• TASK GOAL: Your output should consist solely of the lines from the one holding "The sun is rising" to the end of the records below, inclusive, reproduced exactly and free of pictures.

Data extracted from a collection
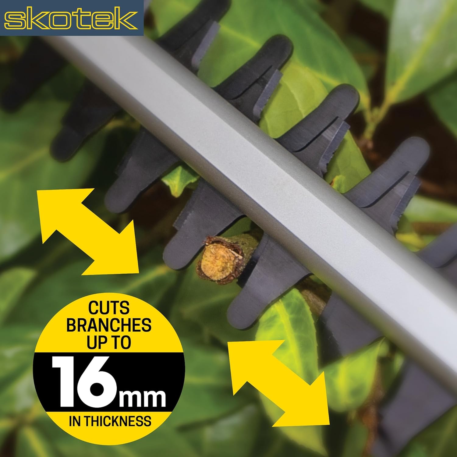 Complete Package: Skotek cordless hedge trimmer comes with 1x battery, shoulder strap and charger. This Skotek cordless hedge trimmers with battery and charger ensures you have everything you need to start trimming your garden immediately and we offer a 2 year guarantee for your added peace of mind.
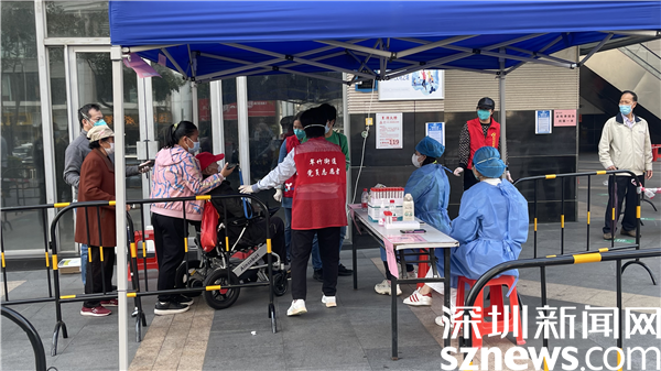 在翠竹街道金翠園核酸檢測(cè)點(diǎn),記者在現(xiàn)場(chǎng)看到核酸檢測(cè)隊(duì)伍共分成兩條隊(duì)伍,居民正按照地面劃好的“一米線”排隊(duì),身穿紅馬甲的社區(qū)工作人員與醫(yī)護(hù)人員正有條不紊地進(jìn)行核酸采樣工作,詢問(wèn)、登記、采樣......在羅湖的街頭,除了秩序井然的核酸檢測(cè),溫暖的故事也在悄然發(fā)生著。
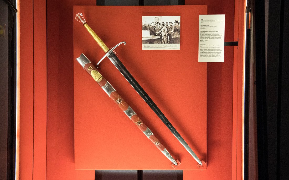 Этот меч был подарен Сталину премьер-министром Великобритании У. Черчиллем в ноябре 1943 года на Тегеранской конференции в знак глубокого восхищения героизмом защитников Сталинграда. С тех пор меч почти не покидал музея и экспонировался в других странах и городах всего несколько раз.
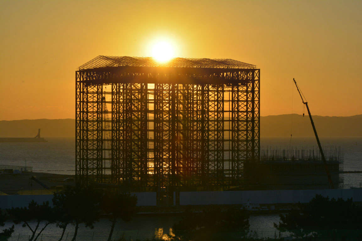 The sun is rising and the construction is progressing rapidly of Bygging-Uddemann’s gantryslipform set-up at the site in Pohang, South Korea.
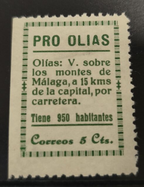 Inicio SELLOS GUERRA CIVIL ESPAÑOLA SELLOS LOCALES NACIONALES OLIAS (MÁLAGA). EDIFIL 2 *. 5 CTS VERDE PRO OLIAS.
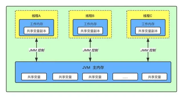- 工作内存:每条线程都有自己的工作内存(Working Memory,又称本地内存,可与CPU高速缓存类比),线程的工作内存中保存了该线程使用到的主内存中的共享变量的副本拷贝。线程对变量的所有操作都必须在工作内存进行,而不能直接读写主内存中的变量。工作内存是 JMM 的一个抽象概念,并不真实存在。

• RESULT BELOW:
 The sun is rising and the construction is progressing rapidly of Bygging-Uddemann’s gantryslipform set-up at the site in Pohang, South Korea.
 Inicio SELLOS GUERRA CIVIL ESPAÑOLA SELLOS LOCALES NACIONALES OLIAS (MÁLAGA). EDIFIL 2 *. 5 CTS VERDE PRO OLIAS.
- 工作内存:每条线程都有自己的工作内存(Working Memory,又称本地内存,可与CPU高速缓存类比),线程的工作内存中保存了该线程使用到的主内存中的共享变量的副本拷贝。线程对变量的所有操作都必须在工作内存进行,而不能直接读写主内存中的变量。工作内存是 JMM 的一个抽象概念,并不真实存在。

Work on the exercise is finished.